Ice Cream Cakes Equal Love

No, this isn’t a law post or one about ice cream cakes, per se.  Rather, it’s about a beautiful Wednesday night and my own love for found objects – or in this case, found language.  One of the great virtues of my current job is its location.  Drexel is less than a mile from Center City Philadelphia and two blocks from the very Ivy campus at Penn.  It was there, by the Van Pelt Library, that I found myself spending twenty minutes channeling college.  Students were milling about, debating whether to hit the books or head directly to Quizzo.  Couples were strolling by, holding hands, laughing.  A lone individual here and there was enjoying a cigarette.  And all around me I heard people chatting.  And as one of those talkers passed me, on a cell phone, she left a single phrase in her wake: “Ice Cream Cakes Equal Love.”

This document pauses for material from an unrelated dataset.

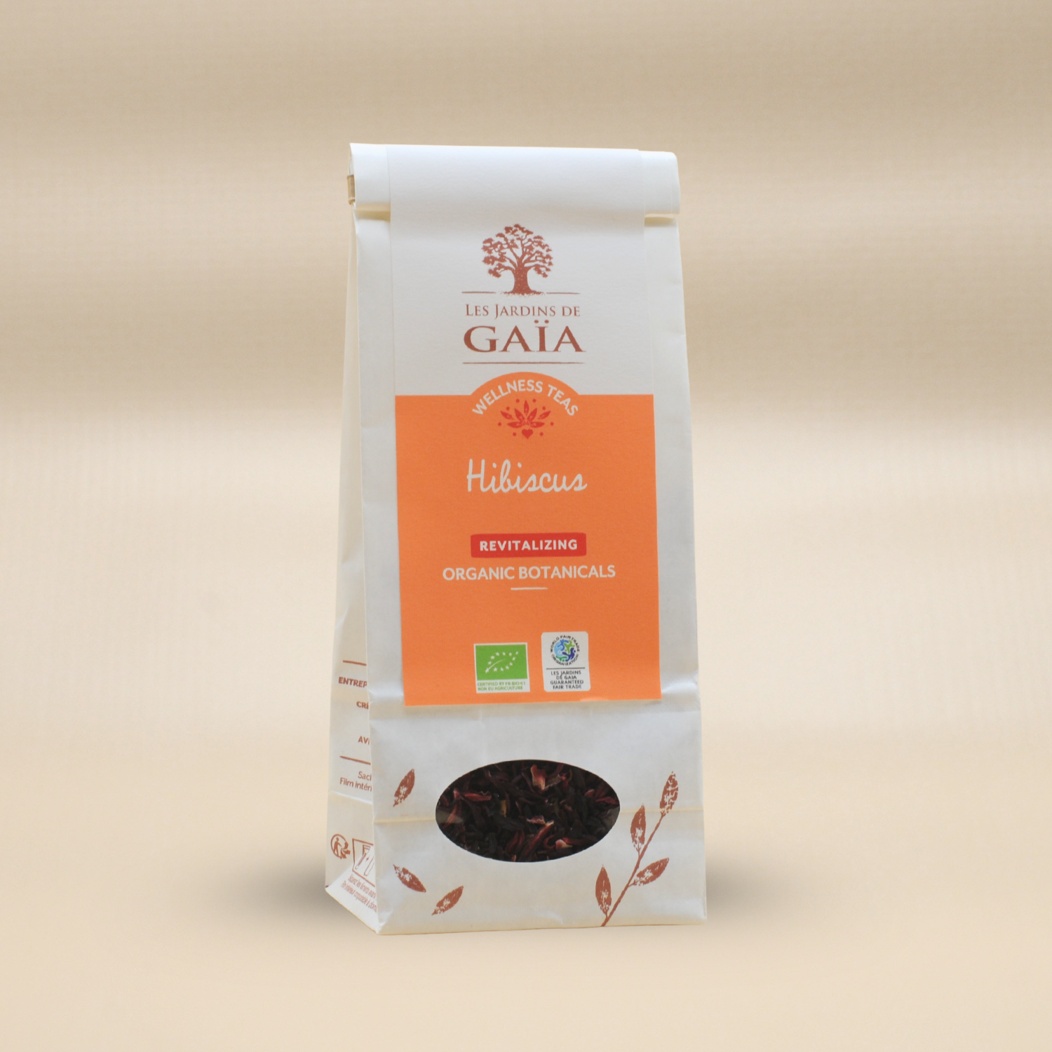 Upptäck den friska och blommiga smaken av Les Jardins de Gaïa Hibiskus Te EKO – en ekologisk infusion med djupt rubinröd färg och fyllig smak. Blommorna är varsamt skördade av småskaliga afrikanska odlare och är källan till den berömda drycken "bissap", en traditionell infusion med intensiv färg och arom.

That was her gift to me – a snippet of the English language.  My own Duchamp readymade.  What could she have meant?  Was she discussing birthday cake choices, agreeing with a confidante that her loving boyfriend had made a telling choice?  Was she explaining her own decision to forgo the usual Duncan Hines (or was it Betty Crocker?) and instead shell out for the Carvel?  Or is there a more obscure explanation? I’ll never know, and am left to project my own meaning on the words.

Perhaps I needn’t even do that.  TM charges good money for a mantra – for the which the main required trait is its inscrutability.  Now I can sit quietly under the elms and ponder my ice cream phrase for hours.

Once upon a time, I would have tried to transform the phrase into a short story.  Today, though, it will have to stand on its own two feet.  A piece of art all on its own.  A readymade.